II. Municipal Financial Services, Inc.; Rick A. Smith; and Jon G. Wolff (August 24, 2017)
The SEC brought an administrative action against Municipal Financial Services, Inc. (MFS), a registered municipal advisor (MA) based in Oklahoma, and two of its principals, Smith and Wolff. MFS was hired by an unidentified city in 2011 (City) to act as its MA and to be responsible for preparing the City’s OS’s for bond offerings, reviewing and commenting on all legal documents for bond issuances, and for assisting the City in compliance with its CDAs.
The City had three bond issues from 2005, 2008 and 2012 which all required annual reports to be filed within 180 days of the end of its fiscal year. In a 2013 bond issue, the City’s bond counsel (a sole practitioner now retired) wrote a CDA providing for a 360 day deadline to file its CDAs, and which purported to amend the three prior CDAs to move to a 360-day reporting deadline.
The SEC alleged that MFS violated its fiduciary duty to the City by failing to advise the City that moving to the new 360-day reporting deadline violated the provisions of the 2005, 2008 and 2012 CDAs and that it did not advise the City until three years later to notify bondholders of those prior issues that the CDA deadline had been changed. These actions (carried out by Smith and Wolff) violated Section 15B(c)(1) of the 1934 Act which requires MAs to act in a fiduciary capacity with their clients, and to use reasonable care to avoid misleading clients.[iii]
MFS was censured, agreed to cease and desist from further violations of Section 15B(c)(1), and paid a civil fine of $50,000. MFS was also ordered to establish written policies and procedures and periodic training on the fiduciary obligations owed to municipal clients. Smith and Wolff each agreed to pay a civil fine of $8,000.
There are a couple of interesting points in this case. One is that the SEC pointed out that based on advice given in a 1995 letter to the National Association of Bond Lawyers, it is very difficult for an issuer to unilaterally amend a CDA. The SEC strongly implied (although it did not say expressly) that this City’s retroactive amendment of its 2005, 2008 and 2012 CDAs was improper, substantively as well as procedurally, since the City’s bond counsel did not follow the provisions in those CDAs to make an amendment. Essentially, MFS was sanctioned for failing to tell the City that it could not make such amendments.
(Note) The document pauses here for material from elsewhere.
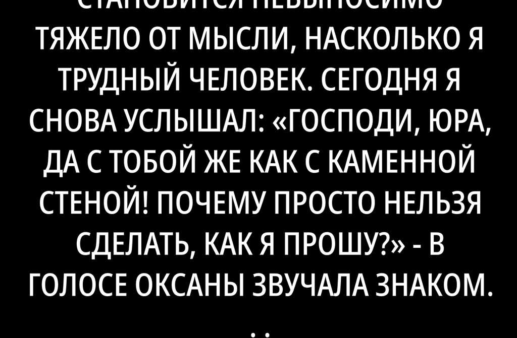 Иногда мне становится невыносимо тяжело от мысли, насколько я трудный человек. Сегодня я снова услышал: «Господи, Юра, да с тобой же как с каменной стеной! Почему просто нельзя сделать, как я прошу?» – в голосе Оксаны звучала знакомая обида, даже отчаяние.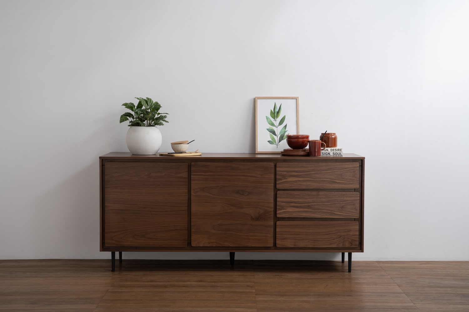 Hutto 1.8M Sideboard Cabinet in Walnut veneer body with Matt Black Epoxy leg

Another point to note is that this case was based on the fact that MFS’s failure to properly advise the City was serious because investors in the three older bond issues were harmed by not getting their CDAs in the time frame originally promised to them. One commentator raised the question of whether the SEC was trying to do another “round-about” regulation by suggesting that an MA owed a duty to investors, but others point out that since in this case MFS had an express contractual duty to the City to help it with CDA compliance, the outcome was not surprising.
[i] Under MCDC, issuers and underwriters were given the opportunity to voluntarily report to the SEC instances in which the issuer erroneously stated in an Official Statement that it had materially complied with all of its obligations under continuing disclosure agreements for the past five years. The SEC offered a pre-arranged suite of sanctions, relatively mild, for those who participated in the program, but promised harsher penalties for those who did not. Ultimately the SEC settled with 72 underwriting firms and 71 issuers under the MCDC program.
[iii] This action was based solely on the statutory provision enacted by the Dodd-Frank Act. Subsequent to the time covered by this action, the Municipal Securities Rulemaking Board enacted Rule G-42 which spells out in more detail the duties and responsibilities of municipal advisors to their clients.